Official Maserati image of the GranTurismo Folgore electric grand tourer used for a buyer guide comparing it with the Porsche Taycan

Maserati GranTurismo Folgore vs Porsche Taycan: Did the Price Cut Change the Answer?

Maserati's 2027 GranTurismo Folgore price reset makes the Porsche Taycan comparison far more interesting, but the smarter buy still depends on whether you want Italian grand-touring theatre or Porsche's deeper EV playbook.

By Marcus Holloway

Maserati just made the GranTurismo Folgore a lot harder to dismiss.

Car and Driver reports the 2027 GranTurismo Folgore will start at $141,995 in the U.S., down from $199,690 for 2026. That is a dramatic reset for a tri-motor Italian electric grand tourer that previously lived in a strange pricing pocket: more expensive than many Porsche Taycans, but without Porsche’s range of trims, dealer familiarity, or EV track record.
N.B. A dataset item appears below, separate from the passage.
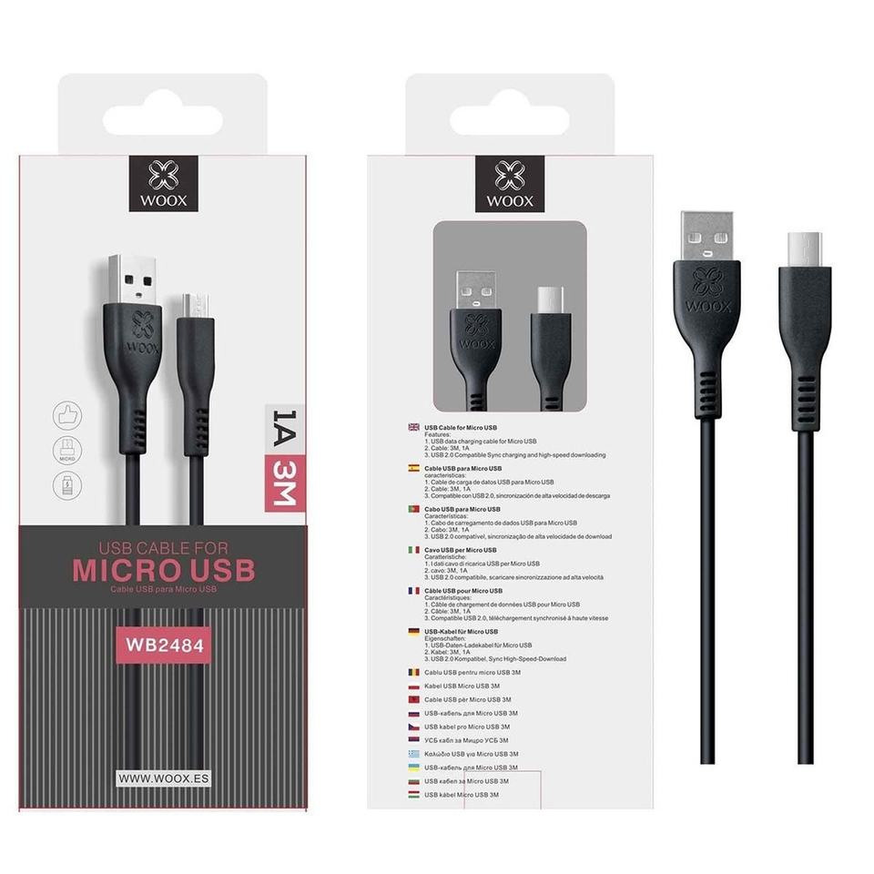 Câble Micro USB V8 1A 3m noir-Chargement efficace pour gadgets

The Folgore is not suddenly cheap. It is not even rational in the way a practical luxury EV can be rational. But the new price puts it close enough to the upper-middle Taycan lineup that the comparison becomes useful rather than silly.

So if you are shopping a high-end electric GT, does the price cut make the Maserati the more interesting choice, or is the Porsche Taycan still the smarter buy?

Quick Verdict

Choose the Maserati GranTurismo Folgore if you want the rarer, more emotional electric grand tourer and you are comfortable buying a low-volume luxury EV for character rather than spreadsheet dominance. The price cut gives it a real second look, especially against a Taycan GTS or well-optioned Taycan 4S.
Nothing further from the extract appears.